This overloads the subtraction operator. And it makes the code very confusing to read.

And plus, Lisp also uses the hyphen as the subtraction operator.



> What is the reason why Lisp allows you to use the hyphen for an identifier name?

Lisp has only ~7 special characters: (, ), #, ', ", ` and wite-space. All others are valid as part of an identifier, alone or together. So for example "---" is a valid Lisp identifier, just as much as "aaa".

There is no subtraction operator in lisp. "-" is simply the name of a function in the standard library that implements addition (technically, it might be a special form and not a function, but that's beside the point).

> This overloads the subtraction operator. And it makes the code very confusing to read.

a-b-c in Lisp is unambiguously an operator. Subtraction would be (- c b a) - you can't really confuse these two.

Subjectively, I happen to think that hyphenated-names are much easier to read and type than camelCase or snake_case. I think most of the world agrees as well, since this is one of the more common typographical roles of the hyphen: joining words, such as 'pre-approved' or 'ill-defined'.


in a more traditional sense Lisp does not have operators by default. Operators which have a special syntax (infix ...) and precedence rules. Operators like + and - are written as normal functions -- thus these characters are allowed in function names. Actually more characters incl. whitespace and returns are possible -> one can escape characters in symbols or whole symbols.

There are a bunch of conventions for naming things:

  +foo+     ; convention for naming a constant
  *foo*     ; convention for naming a special/global variable
  foo-bar   ; convention for a compound name
Other programming languages use FooBar, foo_bar or similar, instead of foo-bar.

More naming conventions in Lisp are collected here:

https://www.cliki.net/Naming+conventions


Thanks for the link - very useful


C programmers on Unix somehow don't get confused by the POSIX shell:

  $ foo-bar()
  > {
  >    echo 42
  > }
  $ foo-bar
  42
or Make:

  OBJ_COMMON := common.o

  OBJ-$(CONFIG_FOO) += foo.o foo-tab.o
  OBJ-$(CONFIG_BAR) += bar.o

  OBJS := $(COMMON_OBJS) $(OBJ-y)

even though foo-bar and OBJ-y look like a C subtraction.

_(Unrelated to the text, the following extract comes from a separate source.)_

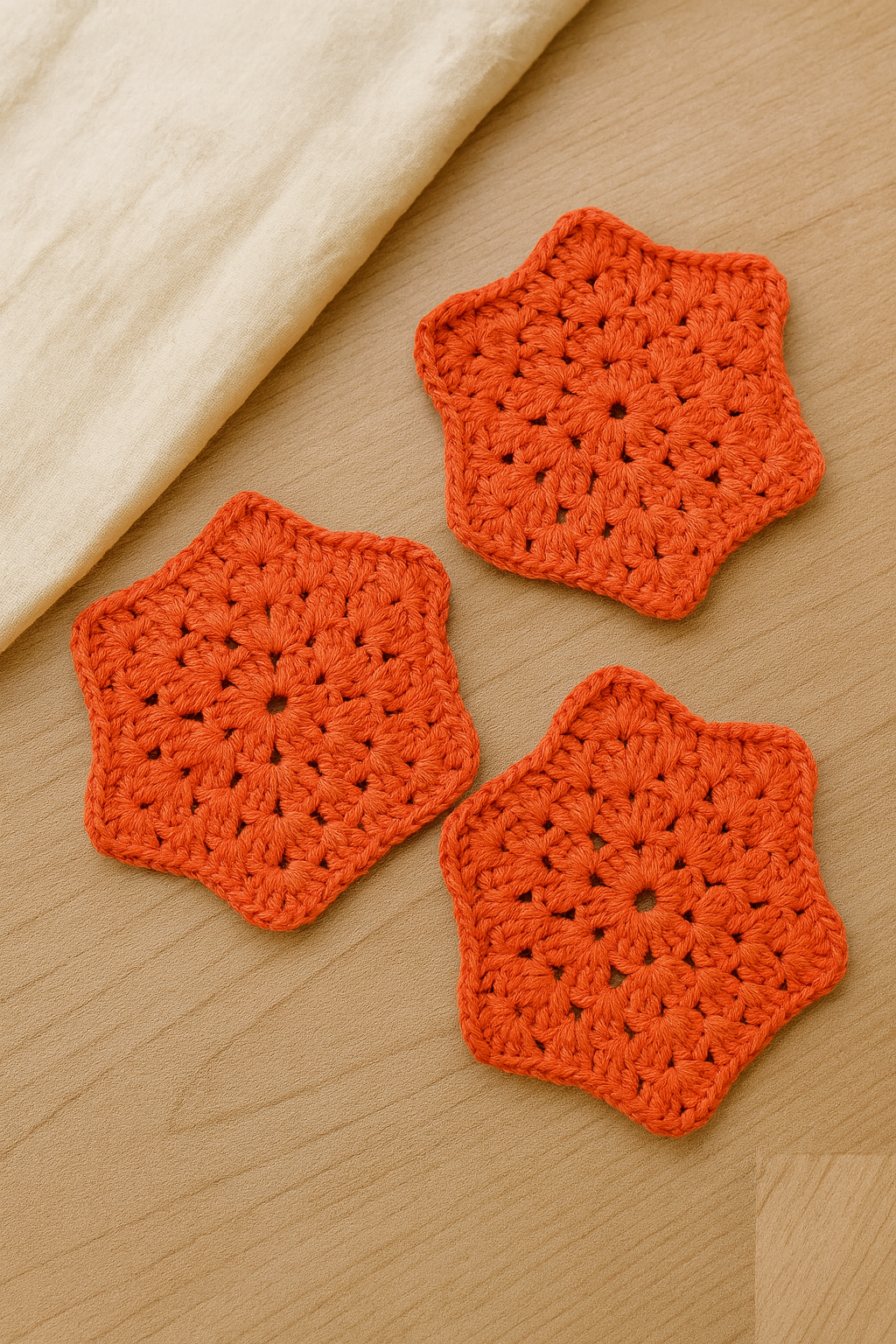 Hechos a mano en hilo de algodón de 6 hebras, son dobles para resistir tanto el calor de una taza de chocolate como la humedad de un vaso frío. Su textura firme protege la mesa sin perder suavidad al tacto.

C programmers on Unix came up with this stuff themselves.


That's more of an issue for languages that use infix notation for operators. Lisp uses prefix notation, that's why

     a-b
is not a problem. As a practitioner, you don't get confused at all when you encounter a variable name that contains a dash, because you don't even read it as a subtraction. Your brain is trained to match only the

    (- a b)
pattern for that.


In my non verified view, it’s easier to type with dashes and looks better than camelCase. Also spaces are used as delimiters, so can’t use them.

It’s all preference though. I used to like camelCase when I was learning Java, now I like hyphens. I program both in JavaScript and Lisp and have no issues with both


Haven't seen anyone mention that "-" is not a function at all. it is a symbol. A symbol which bound to the function which does subtraction.

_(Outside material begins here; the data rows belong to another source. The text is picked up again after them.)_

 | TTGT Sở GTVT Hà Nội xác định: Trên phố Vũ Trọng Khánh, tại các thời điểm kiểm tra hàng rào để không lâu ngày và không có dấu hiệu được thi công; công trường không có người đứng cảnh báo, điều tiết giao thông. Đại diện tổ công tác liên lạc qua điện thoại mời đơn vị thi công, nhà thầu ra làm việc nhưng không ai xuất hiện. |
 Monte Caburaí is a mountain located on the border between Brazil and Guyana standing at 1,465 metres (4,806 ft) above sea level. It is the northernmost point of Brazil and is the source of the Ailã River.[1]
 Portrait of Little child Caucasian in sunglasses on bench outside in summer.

Users are free to redefine it outright, or to redefine it it multiple ways in different scopes of their application. (Not sure how wise this would be, but not really the point ...)

Not to be offensive, but the question as written seems to imply looking at lisp from preconcieved notions from other languages that probably don't make sense to carry over in understanding lisp.

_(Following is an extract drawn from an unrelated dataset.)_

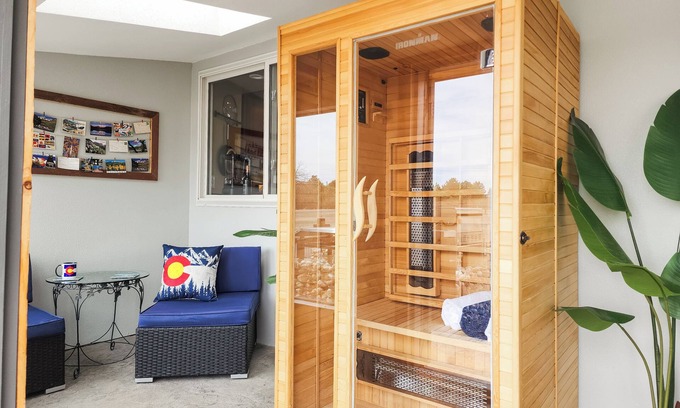 ◦ Relaxation meets Colorado charm – Sweat it out in the infrared sauna, then step onto the patio to grill, sip drinks from the indoor/outdoor bar, and gather around the fire pit under string lights.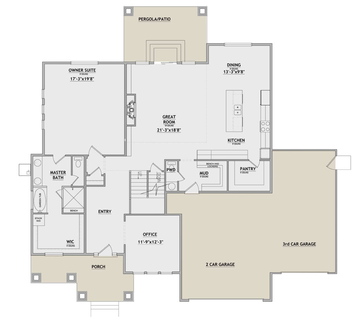 S5-290 (8768-00021) Это иностранный проект, для которого требуется адаптация под нормы, действующие в Российской Федерации. Вы видите проект дома в стиле Ранчо. В этом доме сочетаются черты сельской постройки и аскетичность лофта. Внутри жильцы смогут проводить время с максимальным комфортом. Обратим внимание, что сейчас на планировках все размеры представлены в футах. Для перевода в метры вам необходимо значение в футах умножить на 0,3048.

It doesn't. Common lisp is a lisp-2, which means that there are 2 namespaces: one for functions and one for variables. (Technically there are quite a bit more, but that's beside the point.)

Which means that you can do this:

  (let ((- 5)) ; bind the '-' variable to 5
    (-         ; call the '-' function
      -        ; on the '-' variable
      17))     ; and the number 17
               ; this evaluates to -12


This is a non-issue for all Lisps, not all of which are Lisp-2.

Your code doesn't seem like a very good idea, even though it is legal.


> Your code doesn't seem like a very good idea

Why not?

I usually use an 'anaphoric if' macro that binds - to the given value. It seems more clearly 'special' than a name like 'it'—which seems like the canonical name—closer to the perl/raku $_.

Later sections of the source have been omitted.